**** GIVEN DATA ****

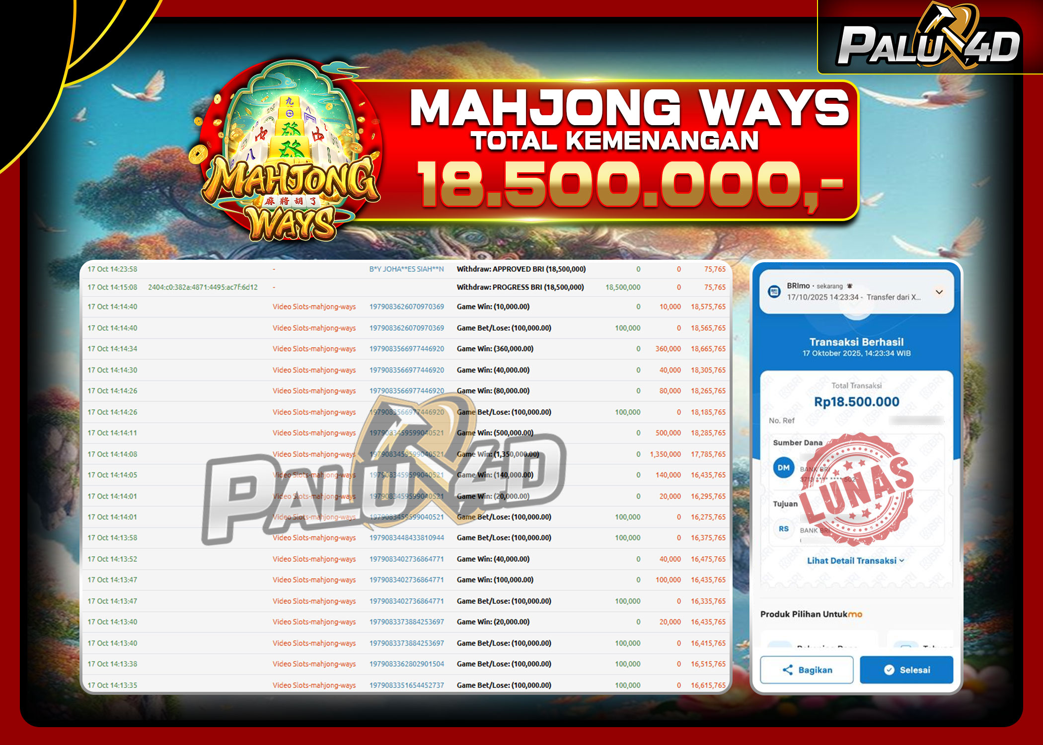 PALU4D – Selamat bagi pemenang yang mendapatkan jackpot hari ini 17 Oktober 2025 di game Slot MAHJONG WAYS 2 yang di sediakan situs palu4d dan sudah kami bayar lunas. Berikut data pemenang hari ini yang kami proses dengan cepat ke rekening tujuan yang terdaftar di akun selama ±10 menit.
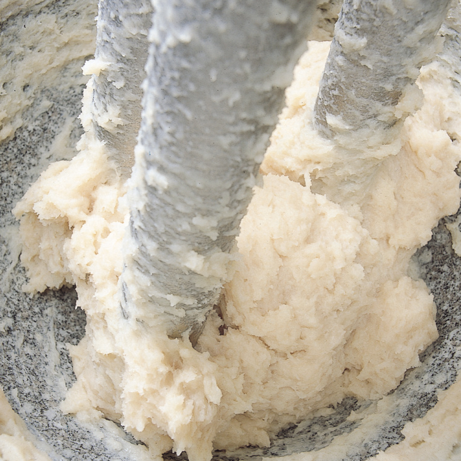 きめ細やかなすり身を作るためには、臼で擦りあげる事が必要ですが、すり身は温度に敏感なため、温度の上がりにくい石臼を使用して擦っています。
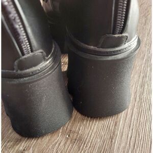 platform combat boots with stud, back zipper,easy put on and off. anti-silp outsole.square round closed toe mid calf boots

****

> [DESCRIPTION OF THE TASK]
Output the data above exactly, beginning at its first line and ending with the line that holds "きめ細やかなすり身を作るため". Leave out the pictures and add nothing.

> [OUTPUT BELOW]
 PALU4D – Selamat bagi pemenang yang mendapatkan jackpot hari ini 17 Oktober 2025 di game Slot MAHJONG WAYS 2 yang di sediakan situs palu4d dan sudah kami bayar lunas. Berikut data pemenang hari ini yang kami proses dengan cepat ke rekening tujuan yang terdaftar di akun selama ±10 menit.
 きめ細やかなすり身を作るためには、臼で擦りあげる事が必要ですが、すり身は温度に敏感なため、温度の上がりにくい石臼を使用して擦っています。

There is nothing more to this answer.